If you want to dive deeper, [this blog post](https://machinelearningmastery.com/tactics-to-combat-imbalanced-classes-in-your-machine-learning-dataset/) is a good starting point.

### Deleting the endpoint
Once that we're done predicting, we can delete the endpoint (and stop paying for it), the model and the endpoint configuration.

In [None]:
xgb_endpoint.delete_model()
xgb_endpoint.delete_endpoint()

##### ---

## Lab 5: Manually tuning our model
All this is pretty cool (hopefully) but how can we get a better model?

On our first attempt, we used the minimum number of hyperparameters. Surely we can tweak a little more and improve the accuracy :)

### How long should we train for?
In the previous example, we set the number of rounds to 100. How do we know if this is the right value or not? If we don't train long enough, we could be missing out on accuracy. If we train for too long, we could be overfitting... or just wasting time and money.

XGBoost has an hyper parameter named *early_stopping_rounds*. It stops training when accuracy hasn't improved in *early_stopping_rounds* rounds.

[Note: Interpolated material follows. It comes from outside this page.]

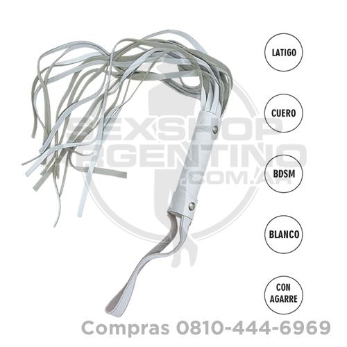 Kit de cuero Esposas + Antifaz + Fusta blanco
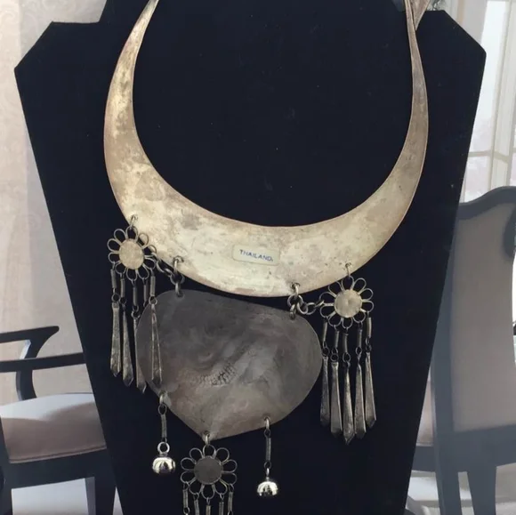 Rare! Huge Hill Tribe Necklacesilver tone tribal bib breastplate collar choker fish & birds etched Fringe figural Giant Artisan statement Runway BIG!Great condition! Inside circumference 16",unmarked. You're sure to get many compliments! Please look over the pictures for they are part of the description.We have a wide selection from 1800 - 1990's! We have something for everybody here at My Sales Rock! Check our shop, we might have something to Rock with your style!Don't forget to heart our shop to get updates in your newsfeed for our new arrivals!

Take a minute to read [the doc](https://docs.aws.amazon.com/sagemaker/latest/dg/xgboost_hyperparameters.html).

Let's try it: we're going to train for 10 times longer and stop if accuracy hasn't improved in 10 rounds.

The training should take less than 5 minutes. While it's on-going, look at all the parameters used and refer back to the documentation to understand what they mean.

In [None]:
xgb = sagemaker.estimator.Estimator(container,
                                    role, 
                                    train_instance_count=1, 
                                    train_instance_type='ml.m5.xlarge',
                                    input_mode="File",
                                    output_path='s3://{}/{}/output'.format(bucket, prefix),
                                    sagemaker_session=sess)

xgb.set_hyperparameters(objective='binary:logistic', 
                        num_round=1000,
                        early_stopping_rounds=10)

xgb.fit(s3_data)

#### Questions and things to try
* Let's assume that we stopped much sooner this time, what probably happened during our initial training with 100 rounds?
* Let's assume that we stopped after 100 rounds this time, what probably happened during our initial training with 100 rounds?
* What's the training accuracy? The validation accuracy? Any improvement compared to the previous training?
* Did we stop early? Which round yielded the highest validation accuracy?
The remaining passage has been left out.